Siendo muy sincera ya tengo suficiente con el hecho de estar desempleada, despojada de ingreso, como para volverme un producto y despojarme de mí misma, la existencia no me da para eso. Aprovecho para abrazar a las personas que están cayendo en esta dinámica, aunque no sé si el abrazo es para ustedes o para quien les posee.

Esto me mandó a leer a Carlitos Marx, porque la vida siempre me arroja a sus brazos

Sé que es difícil conseguir trabajo, pero resistamos a convertirnos en ese “Yo como producto”, así las convocatorias desanimen y nos pongan entre la espada y la pared, en esa situación de darse una auto puñalada por presentarse a trabajos que arrebatan el espíritu.

En medio de esta angustia por conseguir un trabajo no tan chupasangre identifiqué algunos tipos de convocatorias.

  • Mal trabajo peor pagado: se trata de convocatorias publicadas por entidades prestigiosas en su campo, y que supuestamente defienden derechos, pero parece que a la hora de contratar olvidan todo. En los términos de referencia acostumbran a escribir cosas como: se busca equipo interdisciplinario de mínimo cinco personas, que trabaje por tres meses en el diagnóstico, diseño e implementación de cartillas sobre un tema muy importante, y diseñe, además, una estrategia de comunicaciones, por un pago total de 15 millones de pesos. Se verá como positivo que cuatro tengan doctorado.
  • Do you speak English?:son las empresas que piden algo así como profesionales colombianos pero con la nacionalidad de un país de habla inglesa. Sus convocatorias son en inglés:Colombian company without contact with English-speaking countries is looking for a professional in the humanities, with extensive experience working with communities without opportunities, to design and teach workshops on entrepreneurship. Native English level, salary $2.000.000, contract for two months.

Traducción: Empresa colombiana sin contacto con los países de habla inglesa busca profesional en humanidades, con amplia experiencia de trabajo con comunidades sin oportunidades, para diseñar y dictar talleres sobre emprendimiento.

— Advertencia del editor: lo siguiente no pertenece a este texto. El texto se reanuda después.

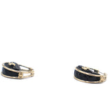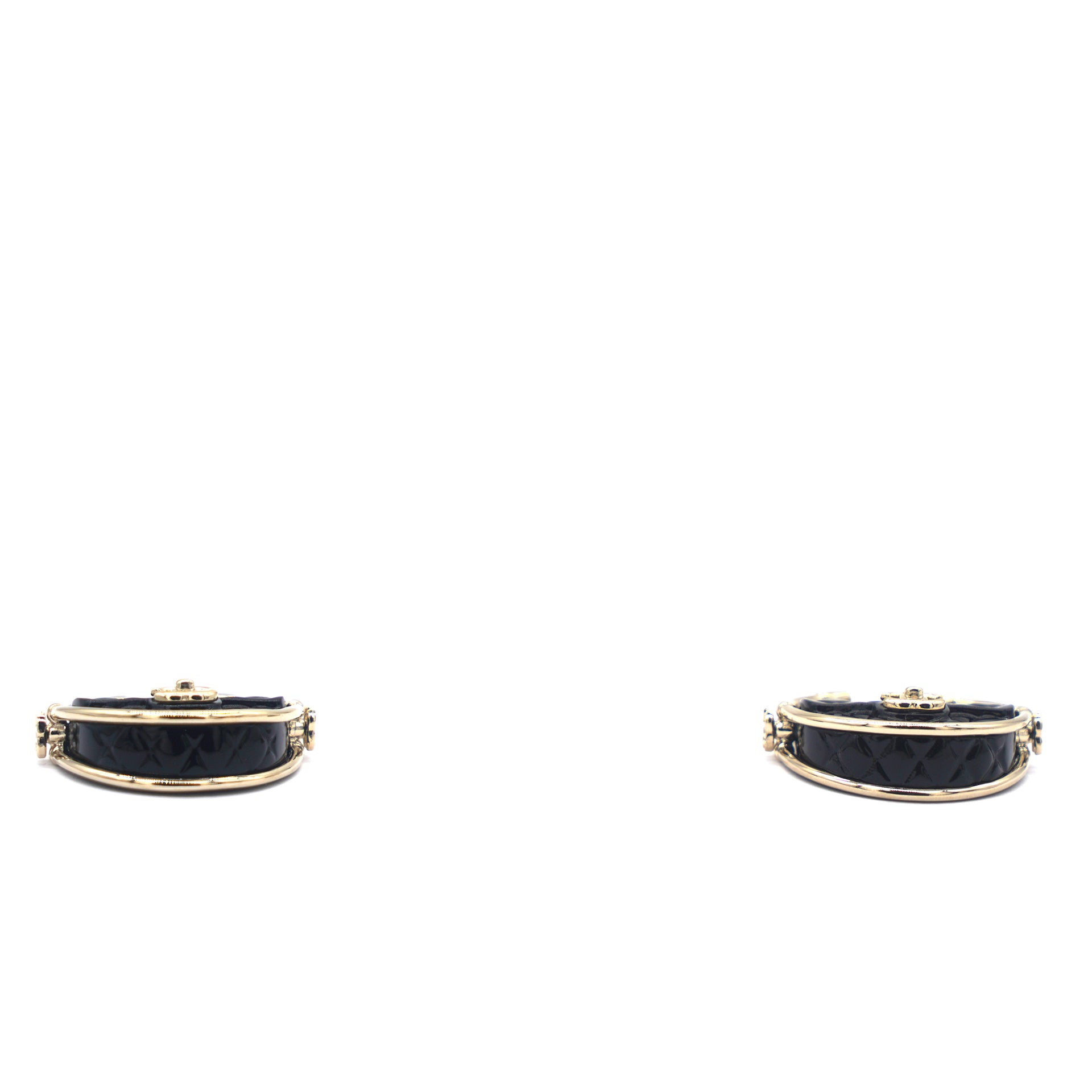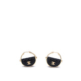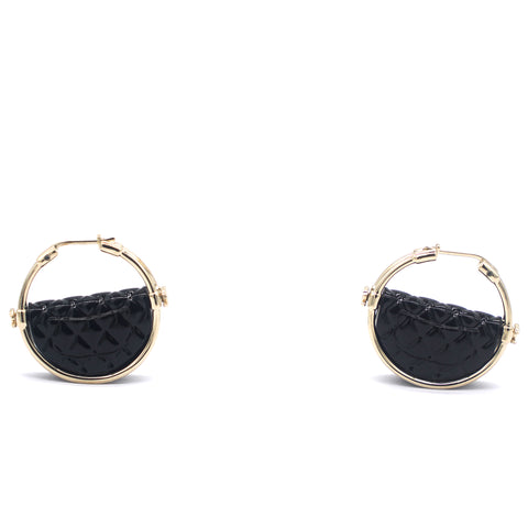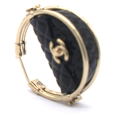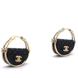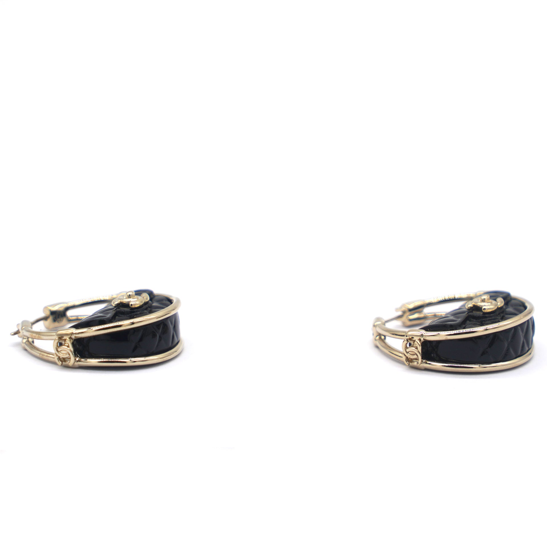 This is an authentic pair of CHANEL Metal Resin Flap Bag Hoop Earrings in Black and Gold. These are chic earrings that feature a quilted black flap bag hoop earrings.

Nivel de inglés nativo, sueldo $2.000.000 contrato por dos meses.

  • Nunca es suficiente para mí: son aquellas que piden que se envíe además de la hoja de vida, todos los soportes organizados en un archivo pdf y además una carta de intención. Entiendo las dos primeras, aunque me molesta la segunda, pero que pidan una carta de intención es muy ofensivo, ¿No les parece suficiente intención el hecho de pasar la hoja de vida y organizar todos los soportes en un pdf? ¿Cómo miden la intención? Parece que además de tener pregrado, posgrado, hablar inglés nivel nativo, es necesario por lo menos un tallercito de escrituras creativas, porque se necesita bastante creatividad como para decir algo diferente a “Holi, necesito trabajar. Saludos”.
  • Publicamos la convocatoria, pero ya tenemos a la persona: los perfiles parecen copiados de la hoja de vida de la persona que será contratada, piden una experiencia tan pero tan específica, que ni vale la pena aplicar.

A pesar de todo he pasado las hojas de vida; los soportes organizados en orden alfabético, del más reciente al más antiguo, del más antiguo al más reciente, del más corto al más largo y así; también las cartas de intención, y nada. Digo hojas de vida en plural, porque a veces siento que no consigo trabajo por mi culpa, porque la hoja de vida tiene mucho diseño, tiene poco diseño, esta muy rosada, gris, blanca o azul, entonces la tengo en diferentes colores para enviarla según la convocatoria.

Cuando termino de cambiarle el diseño a la hoja de vida, Marx de nuevo me abraza y me recuerda que no consigo trabajo porque el desempleo es un engranaje fundamental del capitalismo y por eso hago parte del ejército industrial de reserva, es decir, soy esa sujeta que usan los patrones para amenazar a las y los trabajadores que tienen salarios malos, con la frase: “hay muchas personas sin trabajo, mejor cuide su puesto”.

Si saben de algo les encargo, tengo pregrado, dos posgrados, sé bordar, tejer, hago muñecos y escribo cosas.